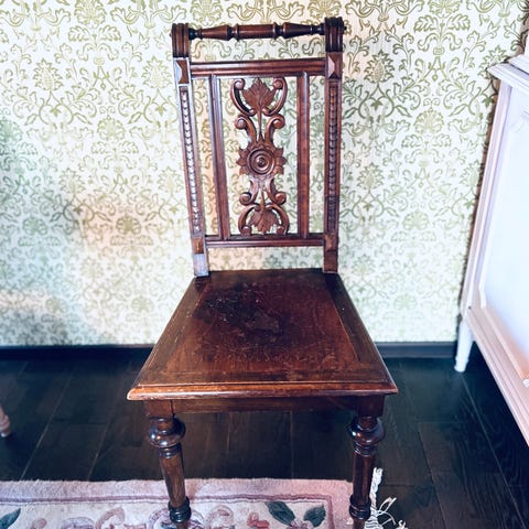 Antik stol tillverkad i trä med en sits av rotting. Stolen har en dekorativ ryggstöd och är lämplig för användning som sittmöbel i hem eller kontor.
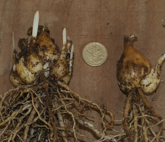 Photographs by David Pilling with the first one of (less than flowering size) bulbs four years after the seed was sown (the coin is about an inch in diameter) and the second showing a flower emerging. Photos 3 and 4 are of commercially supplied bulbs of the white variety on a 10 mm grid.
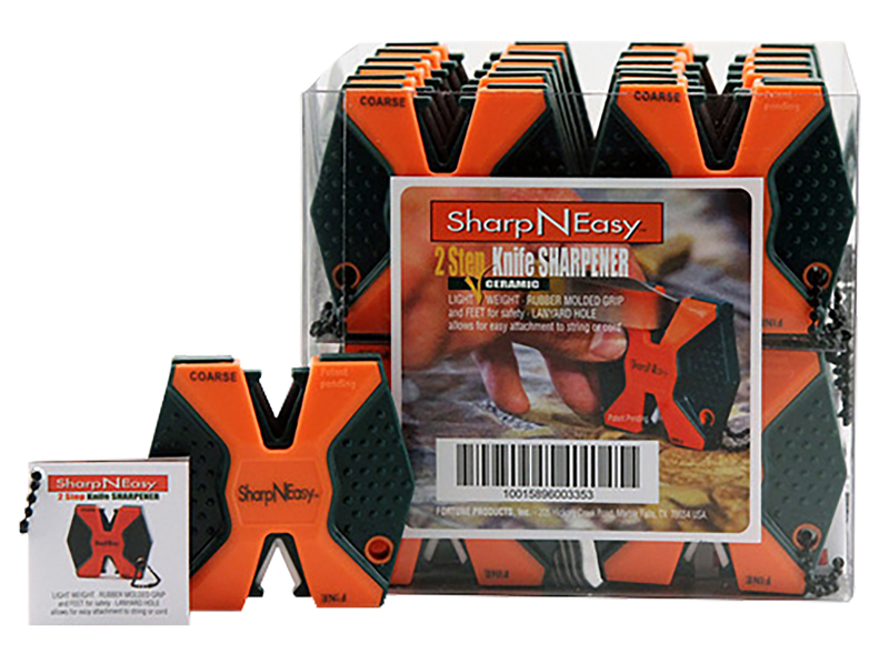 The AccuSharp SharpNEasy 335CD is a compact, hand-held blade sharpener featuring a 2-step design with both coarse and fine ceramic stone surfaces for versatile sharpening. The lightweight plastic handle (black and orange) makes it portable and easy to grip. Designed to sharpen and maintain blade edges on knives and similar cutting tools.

★ ★ ★ ★

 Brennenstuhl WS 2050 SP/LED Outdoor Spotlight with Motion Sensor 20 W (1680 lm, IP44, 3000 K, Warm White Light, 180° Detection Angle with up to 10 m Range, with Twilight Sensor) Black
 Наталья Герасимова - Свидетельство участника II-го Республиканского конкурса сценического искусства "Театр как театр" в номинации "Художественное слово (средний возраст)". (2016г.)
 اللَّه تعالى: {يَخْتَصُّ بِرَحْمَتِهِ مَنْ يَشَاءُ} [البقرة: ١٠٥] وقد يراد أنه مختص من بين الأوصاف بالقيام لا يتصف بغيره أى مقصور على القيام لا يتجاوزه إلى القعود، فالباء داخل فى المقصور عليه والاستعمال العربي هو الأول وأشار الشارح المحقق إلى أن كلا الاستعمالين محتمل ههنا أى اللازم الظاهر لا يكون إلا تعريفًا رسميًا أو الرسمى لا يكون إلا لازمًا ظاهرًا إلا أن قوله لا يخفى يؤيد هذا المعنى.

★ ★ ★ ★

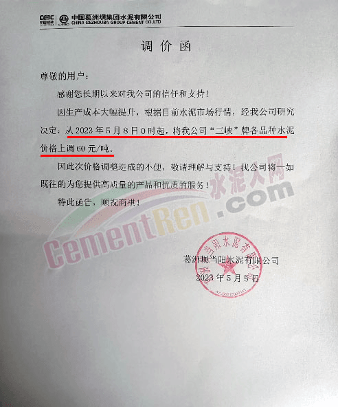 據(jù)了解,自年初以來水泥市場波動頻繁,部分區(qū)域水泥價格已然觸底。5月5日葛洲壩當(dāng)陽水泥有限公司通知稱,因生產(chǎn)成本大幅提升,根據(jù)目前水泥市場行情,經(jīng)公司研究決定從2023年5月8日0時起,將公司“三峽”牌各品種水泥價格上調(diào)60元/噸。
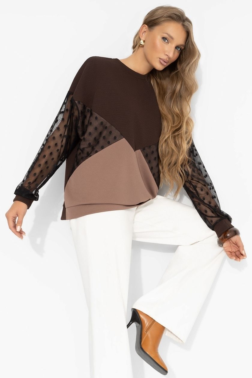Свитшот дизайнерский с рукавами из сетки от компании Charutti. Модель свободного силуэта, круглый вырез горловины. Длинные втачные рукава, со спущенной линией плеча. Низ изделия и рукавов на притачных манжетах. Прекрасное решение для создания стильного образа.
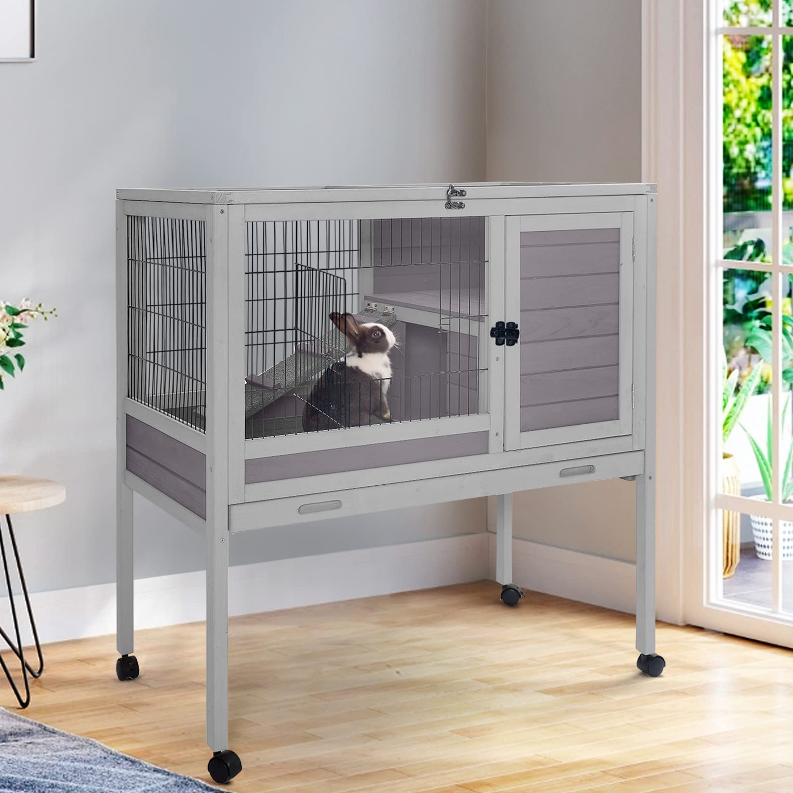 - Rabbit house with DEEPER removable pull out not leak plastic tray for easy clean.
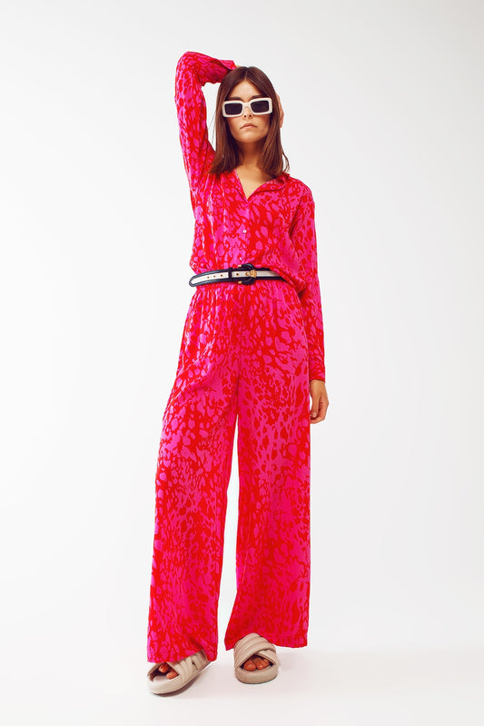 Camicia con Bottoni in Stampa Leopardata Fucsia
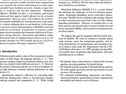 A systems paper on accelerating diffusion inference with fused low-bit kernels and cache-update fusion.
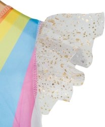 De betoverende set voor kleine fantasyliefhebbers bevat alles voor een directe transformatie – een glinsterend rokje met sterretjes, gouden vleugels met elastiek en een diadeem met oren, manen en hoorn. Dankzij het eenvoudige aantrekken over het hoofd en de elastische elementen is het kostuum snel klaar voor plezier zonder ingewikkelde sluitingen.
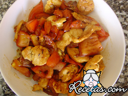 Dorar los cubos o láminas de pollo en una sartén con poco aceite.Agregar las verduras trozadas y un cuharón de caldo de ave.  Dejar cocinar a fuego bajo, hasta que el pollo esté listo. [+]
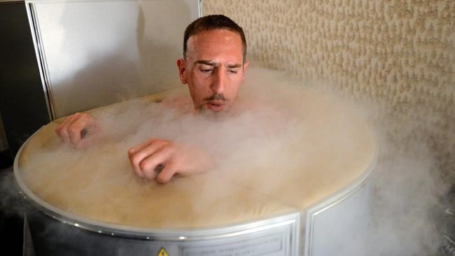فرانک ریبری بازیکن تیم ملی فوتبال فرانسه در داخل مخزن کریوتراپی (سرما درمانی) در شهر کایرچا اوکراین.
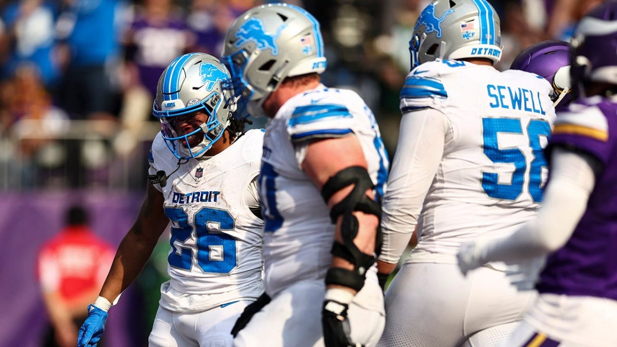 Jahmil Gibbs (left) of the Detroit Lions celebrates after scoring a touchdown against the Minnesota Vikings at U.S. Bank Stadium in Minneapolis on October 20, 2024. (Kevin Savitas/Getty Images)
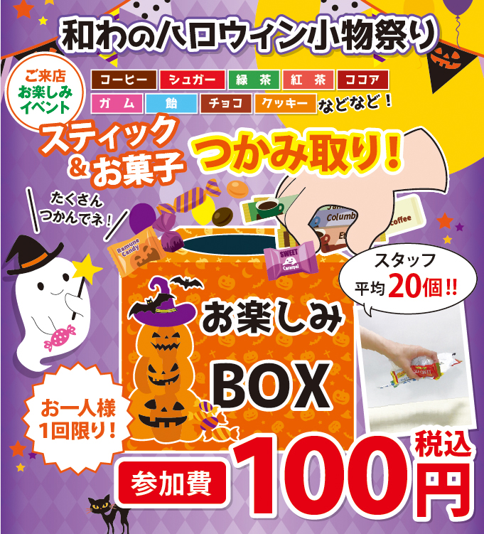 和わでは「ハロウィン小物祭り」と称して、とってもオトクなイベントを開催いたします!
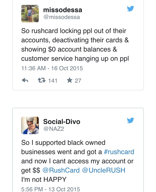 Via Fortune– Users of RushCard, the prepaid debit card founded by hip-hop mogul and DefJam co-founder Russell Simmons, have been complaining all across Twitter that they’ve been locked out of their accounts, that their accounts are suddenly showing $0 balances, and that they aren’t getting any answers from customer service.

★ ★ ★ ★

* _TASK DIRECTIONS_
Whatever pictures the records hold, omit them; give again exactly the lines from the one containing "De betoverende set" through the one containing "Via Fortune– Users".

* _TASK ANSWER_
 De betoverende set voor kleine fantasyliefhebbers bevat alles voor een directe transformatie – een glinsterend rokje met sterretjes, gouden vleugels met elastiek en een diadeem met oren, manen en hoorn. Dankzij het eenvoudige aantrekken over het hoofd en de elastische elementen is het kostuum snel klaar voor plezier zonder ingewikkelde sluitingen.
 Dorar los cubos o láminas de pollo en una sartén con poco aceite.Agregar las verduras trozadas y un cuharón de caldo de ave.  Dejar cocinar a fuego bajo, hasta que el pollo esté listo. [+]
فرانک ریبری بازیکن تیم ملی فوتبال فرانسه در داخل مخزن کریوتراپی (سرما درمانی) در شهر کایرچا اوکراین.
 Jahmil Gibbs (left) of the Detroit Lions celebrates after scoring a touchdown against the Minnesota Vikings at U.S. Bank Stadium in Minneapolis on October 20, 2024. (Kevin Savitas/Getty Images)
 和わでは「ハロウィン小物祭り」と称して、とってもオトクなイベントを開催いたします!
 Via Fortune– Users of RushCard, the prepaid debit card founded by hip-hop mogul and DefJam co-founder Russell Simmons, have been complaining all across Twitter that they’ve been locked out of their accounts, that their accounts are suddenly showing $0 balances, and that they aren’t getting any answers from customer service.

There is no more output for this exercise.